Less than five months ago, InfoSpace said it was no longer investing in the business of selling ringtones and other content for cellphones.

The Bellevue company had just lost one of its largest customers and as a result, laid off more than a third of employees worldwide.

Its fallback was to focus on its online search properties, such as the Dogpile search engine.

But this week, InfoSpace finds itself at the largest wireless conference in the world with a renewed interest in the mobile business.

It is announcing today a partnership with Fast Search & Transfer, a publicly traded company in Oslo, Norway, that specializes in online and mobile search technology.

Together, InfoSpace and Fast intend to develop a mobile search service to sell to wireless carriers.

The announcement is being made at 3GSM World Congress, which has drawn more than 60,000 attendees to Barcelona, Spain.

Already at the show, Microsoft unveiled a new version of its mobile operating system.

And Seattle-based Tegic Communications, an AOL company, is showing off a music player and a new way to search for features and content on a phone.

Other Seattle-area companies making announcements or attending are SNAPin, Volantis, SinglePoint, Vidiator, Qpass, Intrinsyc, RadioFrame Networks, T-Mobile USA, Medio Systems and Action Engine.

The mobile search area is undeniably a bright spot for the industry and is expected to be a hot topic in Barcelona, where a closed-door meeting among some of Europe's biggest wireless carriers and AT&T, formerly Cingular Wireless, is expected to discuss development of a search engine that could challenge Yahoo! and Google.

The Sunday Telegraph reported that Vodafone, France Telecom, Telefonica, Deutsche Telekom, Hutchison Whampoa, Telecom Italia and Cingular are among the companies that will hold talks.

Their goal is to retain a larger portion of mobile revenue by leveraging their combined 600 million subscribers.

In doing so, they would create their own branded service and use a single advertising-sales house and technical team.

That's where InfoSpace could play a role, said Brendan Benzing, its vice president of mobile search and platforms.

InfoSpace, which partners with wireless carriers for a number of technologies, allows them to use their own brand on InfoSpace-developed products.
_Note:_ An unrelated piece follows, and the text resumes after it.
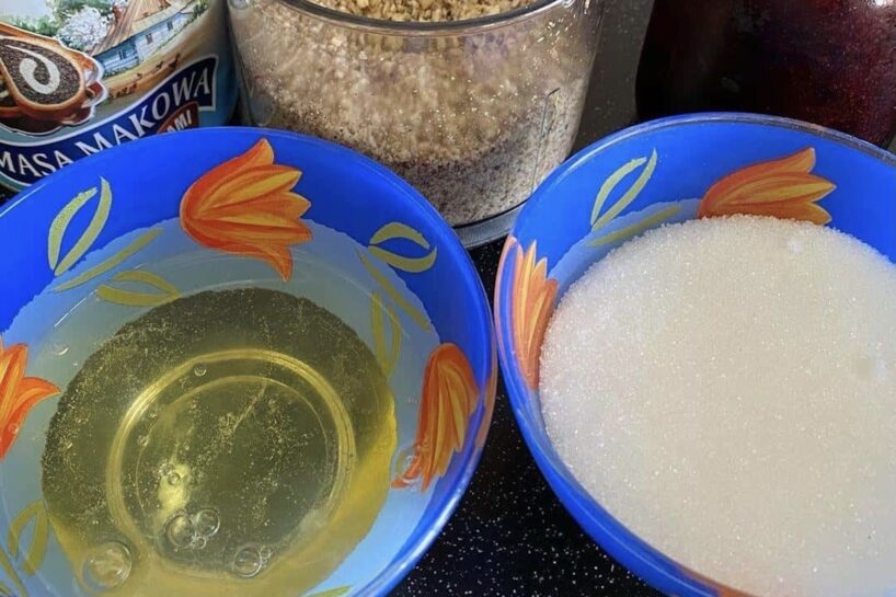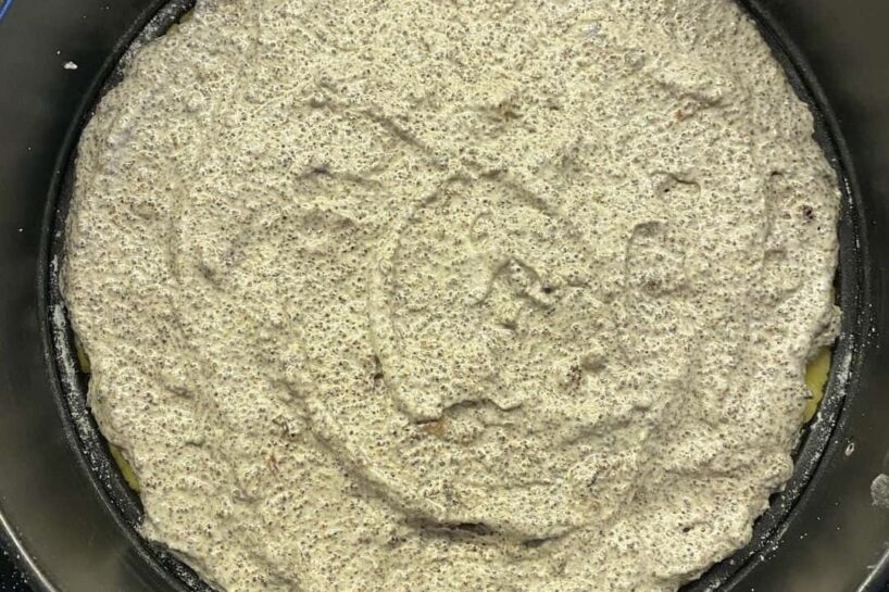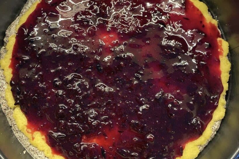 Pirmo daļu izrullē, ieklāj formā un pārklāj ar magoņu pildījumu.

It also hopes to stand out from the smaller wireless startups that may have less online expertise.

In developing mobile search technology, InfoSpace hopes to use experience from its online search properties and meld it with its mobile expertise.

Finding information on the Internet versus on wireless networks is vastly different.
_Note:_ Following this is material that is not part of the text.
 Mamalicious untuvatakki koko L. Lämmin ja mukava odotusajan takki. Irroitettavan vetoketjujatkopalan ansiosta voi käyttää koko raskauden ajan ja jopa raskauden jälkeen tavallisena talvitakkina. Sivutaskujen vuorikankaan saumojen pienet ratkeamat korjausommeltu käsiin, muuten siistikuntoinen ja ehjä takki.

With wireless, carriers own the networks, and users generally are constrained by smaller keyboards and screens.

Even user intent differs.

Do users want to search content on the Web or content provided by the carrier, such as ringtones or graphics? Or do they want information based on their location, such as the nearest ATM or restaurant?

Benzing said InfoSpace and Fast will give carriers more control over their content business models.

Fast's expertise has been in selling software to the carrier, which then operates it in-house. It launched Vodafone's first search engine in 2003.

InfoSpace plans to take the lead in the partnership by merging the technologies of both companies to sell a service InfoSpace would manage.

"I think it [the meeting by the wireless carriers at 3GSM] sheds light on the fact that it's still a market that's being made. Some small deals have been struck, but there's a lot to be done, and the market is going to be huge," said Michael Brady, Fast's senior director of business development.

"There's so much to gain in this space; it doesn't make sense to work blindly with a third-party branded solution when they have so many options, " he said.

In other 3GSM news:

• Bellevue-based Vidiator, which develops technology for streaming media on mobile networks, said it has signed Ibertelco, a Portuguese supplier of broadcast and professional video equipment, as an authorized reseller of its products.

• Seattle-based Qpass, a division of Amdocs, said its customer-management software has processed more than $2 billion worth of content on mobile phones.

That represents more than 730 million transactions since 2003 and an increase of more than $500 million since October.